Ich besuchte letztes Jahr an der Karrieremesse der EPFL eine Präsentation der BKW. Ich mochte die Idee eines Trainee Programms, um einen guten Überblick über die Branche zu erhalten und Praxiserfahrung zu sammeln – vor allem, da mein Studium sehr theoretisch war und ich währenddessen kein Praktikum gemacht habe. Ich hatte zwar auch bei anderen Firmen Optionen, aber die Stelle bei der BKW war aus meiner Sicht die interessanteste. Mir hat sowohl das Trainee Programm selbst zugesagt, als auch die Projekte und Themen: die Verbindung zur Forschung, alle Smart Grid Themen, die Energiewende im Allgemeinen.

Was findest du besonders spannend an der Energiebranche?
Im Moment gibt es viele Veränderungen in der Energiebranche: Der Strommarkt wird liberalisiert, die Atomkraftwerke werden abgeschaltet und viele dezentrale Energiequellen, wie Photovoltaik- oder Windanlagen, werden gebaut. Es gibt deshalb viele Herausforderungen für die Netzbetreibung. Ich finde es sehr spannend, dass so viel Neues gemacht wird.

Alle Jobs bei BKW

Wie lange hat es nach deinem Einstieg gedauert, bis du richtig im Arbeitsleben drin warst?
Nicht sehr lange. In der ersten Woche war noch alles neu für mich, in der zweiten hatte ich manchmal noch ein bisschen Mühe. Ab der dritten Woche war es, als hätte ich schon immer bei der BKW gearbeitet.

Welche Erwartungen hattest du im Vorfeld an dein Traineeship? Inwieweit haben sie sich erfüllt?
Ich wollte vor allem besser verstehen, wie eine grosse Firma funktioniert, mehr über die Branche lernen und herausfinden, welche Art von Job mich wirklich interessiert. In den vergangenen sieben Monaten habe ich sehr viel gelernt: Ich kann jetzt besser einschätzen, wo ich gerne arbeiten würde und was andere Leute in ihren Jobs machen. Aber ich kann sicher noch sehr viel dazulernen, worauf ich mich freue!

Welche Fähigkeiten sollte man für einen erfolgreichen Einstieg bei der BKW mitbringen?
Als Career Starter sollte man sich schnell anpassen können, da man alle sechs Monate den Bereich wechselt. Die Energiebranche ist im Moment sehr schnelllebig, deswegen hilft es, flexibel und offen zu sein.

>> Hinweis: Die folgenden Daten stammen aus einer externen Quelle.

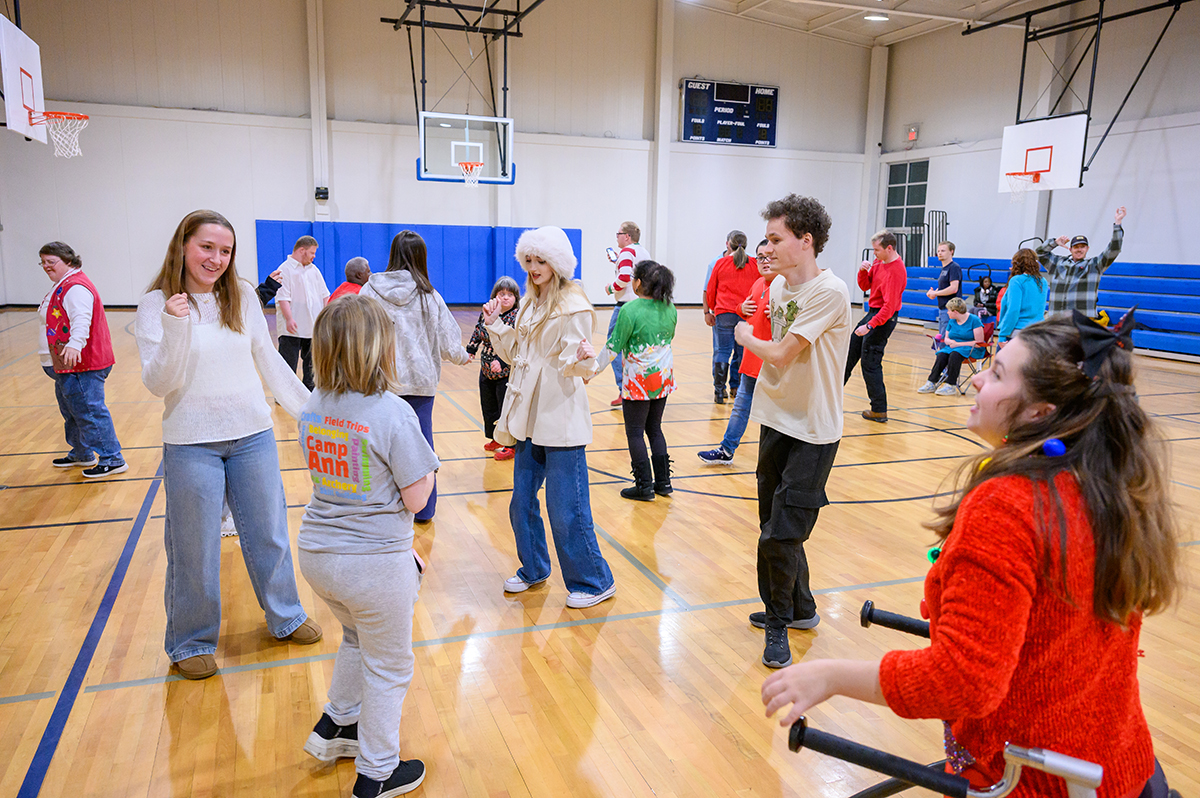 High Point University’s student chapter of the Council for Exceptional Children recently helped make the holidays brighter for community members with physical or intellectual disabilities. Cameran Brick, a sophomore political science major with a minor in secondary education, was pictured at left dancing with community members in the Nathaniel S. Morehead Recreation Center gym.
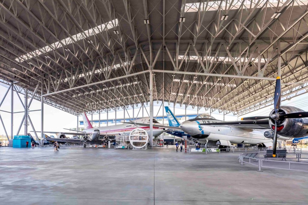 The Museum of Flight Aviation Pavilion is a 135,000-square-foot ceiling supported by steel columns and orthodontic frames with a twelve-inch concrete paving slab. It houses twenty aircraft for increased protection from the elements and customer access. Aircraft on display include the iconic Boeing 747 and 787 prototypes, Air Force One, Concorde, and other historic military and commercial aircraft.

Wie viel Eigenverantwortung hast du? Würdest du dir mehr oder weniger wünschen?
Ich habe vor kurzem in meine zweite Trainee-Station gewechselt und muss mich zuerst einmal einarbeiten. In meiner ersten Station hatte ich nach sechs Monaten bereits viel Verantwortung und arbeitete meist selbstständig. Da man als Trainee jeweils nur sechs Monate in einem Bereich bleibt, ist es natürlich schwierig, viel Verantwortung für ein Projekt zu übernehmen, da man nicht lange genug da ist, um es zu Ende zu führen. Nach meinem Trainee würde ich sehr gerne einen Job finden, in dem ich Verantwortung für längere Projekte übernehmen kann.

Wo siehst du dich in 5 Jahren?
Diese Frage ist immer schwierig zu beantworten. Ich kann mir aber gut vorstellen, bei der BKW zu bleiben, wenn ich eine interessante Festanstellung mit eben dieser Verantwortung finde.